Opened December of 2010 in Downtown Jersey City, Satis Bistro, Cafe, Wine Bar and Salumeria
Michael Fiorianti, formerly a chef at Goldman Sachs, became the executive chef at Satis when it opened in December 2010. (Satis means enough in Latin, as in the word satisfied.) Now the rest of us can enjoy the dishes he mastered by observing his Italian-American grandmother in her Brooklyn kitchen and, later, celebrated chefs like Thomas Keller.
I learned these facts during a telephone interview with Mr. Fiorianti after my visits, but only by tasting his pillow-soft ricotta gnocchi or lusty hanger steak can one appreciate how thoroughly he has absorbed these lessons. I ate simple dishes at Satis (bread, cured meat and cheese) and complex ones (a duck ragù entwined with stracciatella cheese), and all of them had the same effect: I wanted to move to within walking distance of Satis so that I could eat Mr. Fiorianti’s dishes every day.
Other talents helped create Satis. Michael Garcia and Geza Gulas, the owners, discovered a century-old building where Eastern European immigrants who settled in the area in the early 1900s bought their bread and meat. The soaring space inspired them to create a restaurant that had at its heart a salumeria. From here, patrons can purchase cheeses and meats to go — Satis orders them from Salumeria Biellese, which also supplies Eataly in Manhattan — or they can sample them in any of three beautifully renovated dining areas.
Each of these dining areas, a loft, a main room and a wine bar, is outfitted with a mix of functional accessories, like filament bulbs, and romantic ones, like swooping velvet drapes. The elegant marble bar is a copy of one that Mr. Gulas admired during a trip to his beloved Budapest, where he was born.
The best way to begin a meal at Satis is with a chef’s selection of meats and cheeses. It might include Murcia al Vino, a buttery goat cheese from Spain with a wine-soaked rind; or tartufo, a peppery, spiced salame whose smoky essence is the product of fragrant black summer truffles.

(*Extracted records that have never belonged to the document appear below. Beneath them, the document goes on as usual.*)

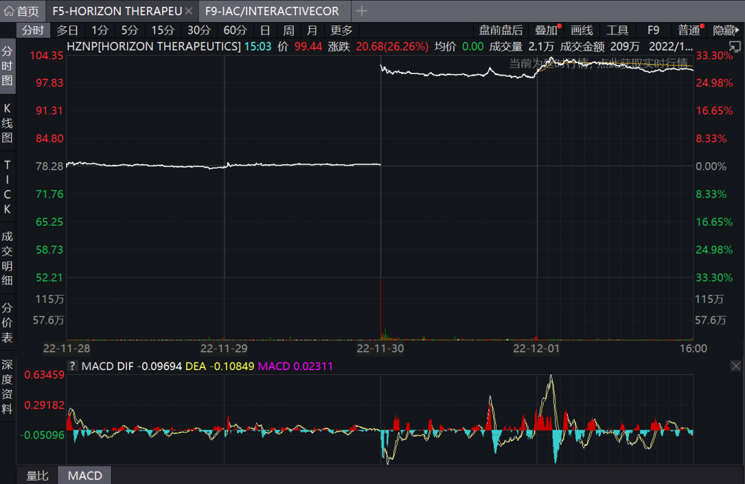 消息宣布后,Horizon股价在盘后交易中股价飙升30%。截至12月1日收盘,Horizon的总市值达228.6亿美元(约合人民币1628亿元)。
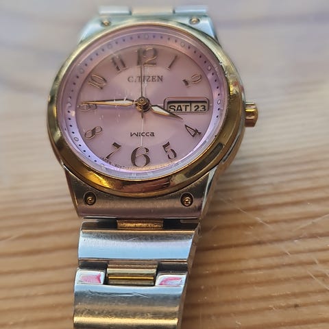 Citizen Automatic damklocka i använt skick. Klockan har en vit armband. Boetten är tillverkad i rostfritt stål och är vattenresistent. Urtavlan har en datumvisning.
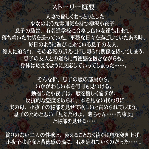 (やなぎさわ さよこ) B96・W59・H94 専業主婦で、一人息子の駿を大切に育ててきた。 おやつに手作りのクッキーを焼き、教育にも熱心に取り組み、 無事駿を有名進学校にも入れる。 今は、子育ても一段落ついたように、穏やかな日々を過ごしていた。 夫は単身赴任中。 CV 志方馨
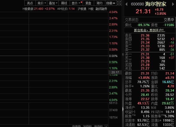 4月28日,海尔智家(600690)股价上涨。截至发稿,股价涨幅近4%。
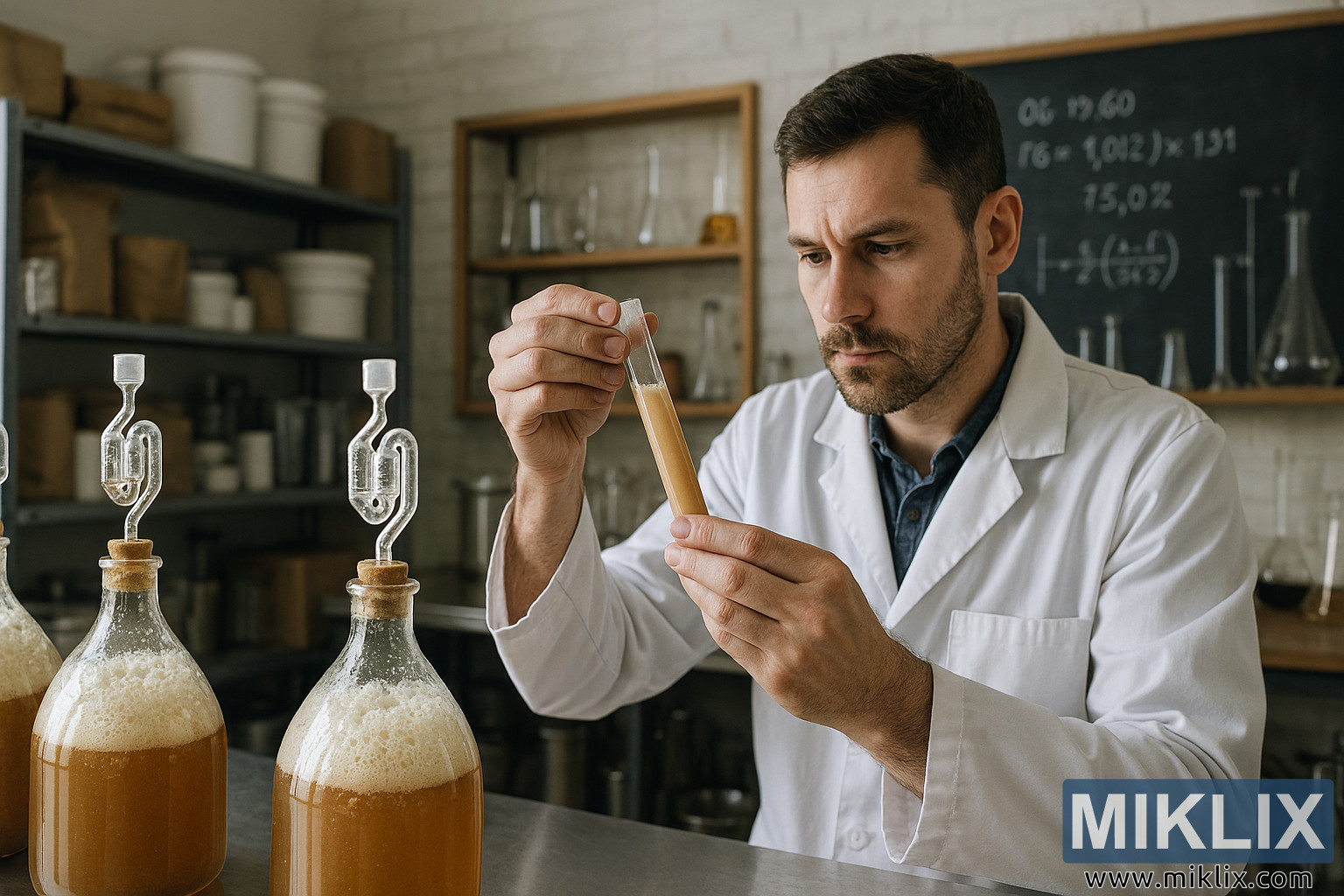 Tukang bir profesional ngukur ragi kanthi tliti ing ruang kerja pabrik bir sing padhang lan teratur, diubengi wadhah fermentasi, peralatan pembuatan bir, lan barang pecah belah ilmiah.
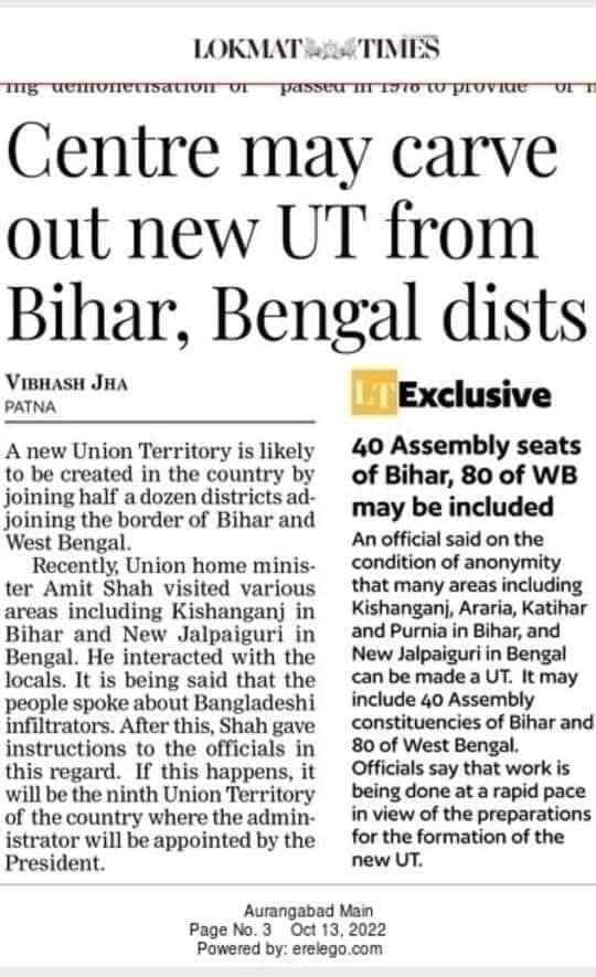 সংবাদপত্রের সংবাদ অনুযায়ী দেখা যাচ্ছে বাংলা এবং বিহার বিজেপির নিয়ন্ত্রণে নিয়ে আসতে না পারায় তার দিকেই লক্ষ্য। বাংলা (Break Bengal) এবং বিহারের বেশ কিছু জেলা ভেঙে নতুন কেন্দ্রশাসিত অঞ্চল করার চক্রান্ত শুরু হয়েছে। স্বরাষ্ট্রমন্ত্রকের এক শীর্ষ পদস্থ কর্তা জানাচ্ছেন, বিহারের কিসানগঞ্জ, আরারিয়া, কাটিহার, পূর্ণিয়া অন্যদিকে বাংলার নিউ জলপাইগুড়ি ও সংলগ্ন কয়েকটি জেলা নিয়ে কেন্দ্রশাসিত অঞ্চল করার ভাবনা শুরু হয়েছে। এই কেন্দ্রশাসিত অঞ্চলে বিহারের ৪০টি এবং পশ্চিমবঙ্গের ৮০টি বিধানসভা আসন থাকছে। উদ্বেগ আরও বাড়িয়ে সেই শীর্ষ পদস্থ কর্তা বলেছেন, দ্রুতগতিতে কাজ চলছে এই কেন্দ্রশাসিত অঞ্চল তৈরি করতে। সম্প্রতী কেন্দ্রীয় স্বরাষ্ট্রমন্ত্রী বিহারের কিষানগঞ্জ এবং বাংলার নিউ জলপাইগুড়ি ঘুরে গিয়েছেন। বিজেপির তরফে দাবি করা হচ্ছে, এ সব জায়গায় নাকি শুধু অনুপ্রবেশকারীরা রয়েছে। এই সব শোনার পরেই অমিত শাহর নির্দেশ, কেন্দ্রশাসিত অঞ্চল তৈরির। প্রশ্ন হচ্ছে, অনুপ্রবেশকারীরা যদি ভারতে ঢোকে তাহলে দায়িত্ব কার? বিএসএফ সীমান্তে বসে কোন কাজ করছে? অমিত শাহর স্বরাষ্ট্র দফতর দেশের সর্বকালের অপদার্থ দফতর। তৃণমূল কংগ্রেস যথার্থ বলেছে, বাংলার মানুষ বুঝিয়ে দেবেন এমন সিদ্ধান্ত বাস্তবায়িত হলে। বাংলা ভাগ করার চক্রান্ত রুখে দেবেন বাংলার মানুষ।
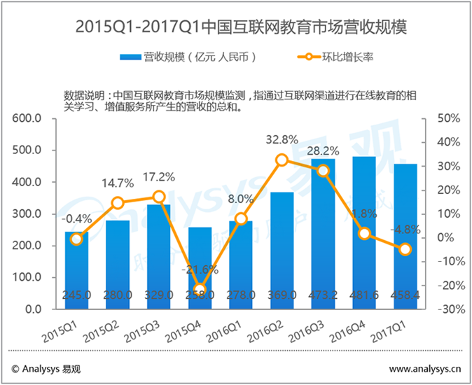 根据Analysys易观监测数据显示,2017年第1季度中国互联网教育市场整体营收规模达458.4亿元人民币,环比下跌4.8%,同比增长64.9%。
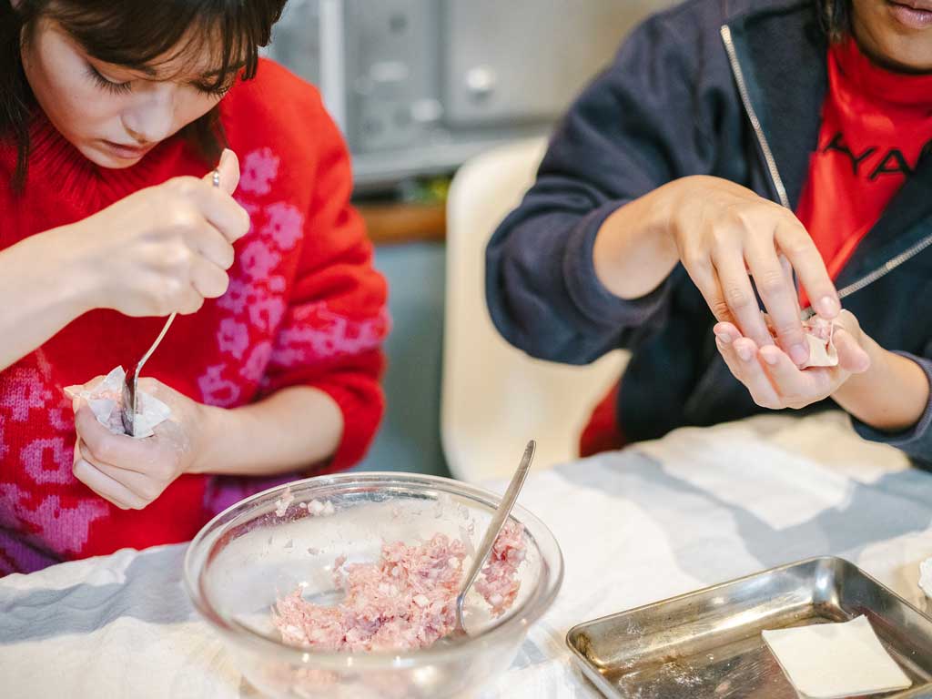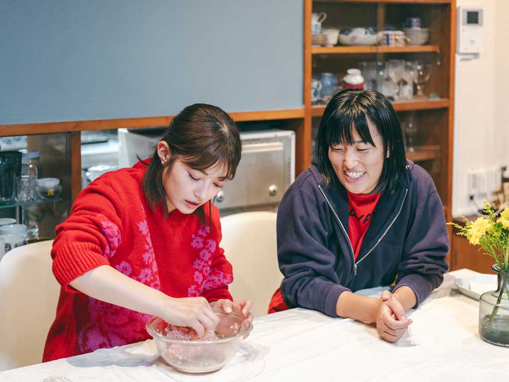 今回は、10年以上親交があるというタレントの井上咲楽さんとフォトグラファーの小林真梨子さんに、シューマイ作りに挑戦してもらった。調理しているあいだも二人のおしゃべりは止まらない。小林さんが住むシェアハウスで、シューマイとともにお互いの心を包んだ、特別な時間の記録。
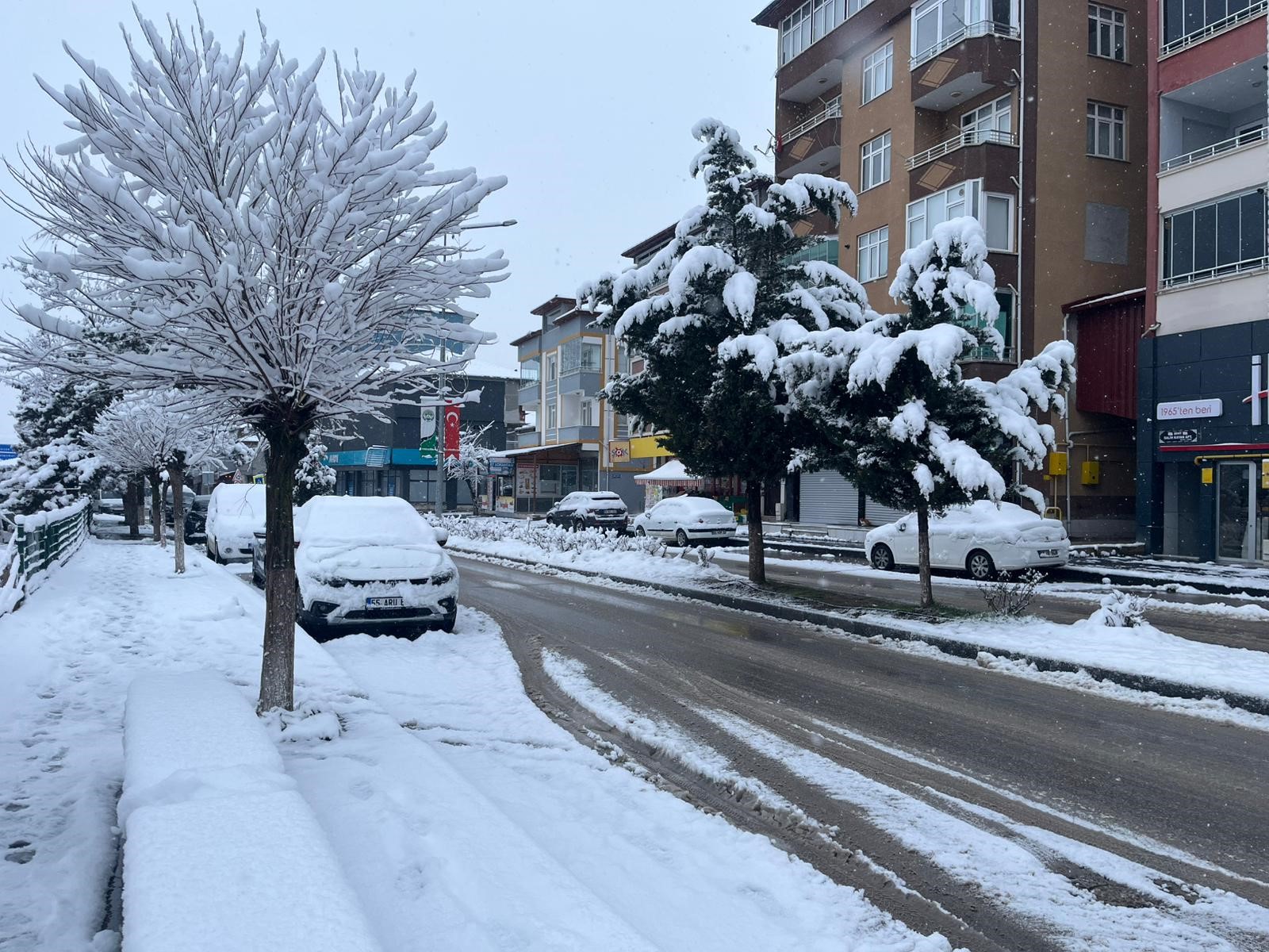 - Evler, araçlar ve yollar kısa sürede beyaz örtüyle kaplandı.

The bread that accompanies these items is appealingly tangy, and no wonder: it’s made using wine in the starter.
The apricot confit served with the chef’s selection is the essence of ripe, summer fruit. It and every other item on the platter may tempt you to make an entire meal of bread, cheese, cured meat — and wine. The bar offers a vast selection, including 47 that you can order by the glass.
Beyond the products of the salumeria are other treasures. An involtini, or delicate eggplant roll, oozes peppery La Quercia prosciutto and melted buffalo mozzarella cheese. The pâté de campagne that Mr. Fiorianti prepares from duck and pork livers exemplifies the best of country cooking: it emphasizes fat and highlights its virtues.
In contrast to these heartier appetizers, the arugula salad is both ethereal, thanks to a vinaigrette that Mr. Fiorianti lightens with fennel, and seductive, a result of the extra-sharp parmigiano-reggiano he shaves onto the greens.
Seductive also describes the restaurant’s signature dates wrapped in bacon — sweet, salty, smoky packets of pleasure. Everywhere you look around the candlelit space, you see people tossing these back like candy.
You expect a restaurant built around a salumeria to feature perfectly cooked meats, and Satis obliges. It produces a filet mignon so rich it pops in the mouth with the lusty flavor of ripe beef, and a hanger steak with a hard crust and a silky, moist interior.
But can a restaurant so devoted to beef and salami work the same magic with seafood? The creamy diver scallops, each about an inch in diameter, prove that it can.
Brussels sprouts, which accompany the scallops, are also available as a side dish, afloat in a golden stew of caramelized Vidalia onions. During the weeks after I ate them, I ordered brussels sprouts in every restaurant I visited, but eventually I gave up. No place makes them like Satis. As one of my companions said, “Everything here is just better than the usual version of everything anywhere else.”
Desserts include an irresistible sweet potato maple pecan cobbler, a German chocolate cake sundae and gelati in unusual flavors, like ricotta, custard and Elvis Presley (banana with a peanut butter swirl).
All restaurants have flaws, but when I asked the five people who accompanied me to Satis to name any, only one person could: The baby carrots served with her hanger steak were undercooked and a little bitter.
Well, maybe, but otherwise our meals were almost perfect.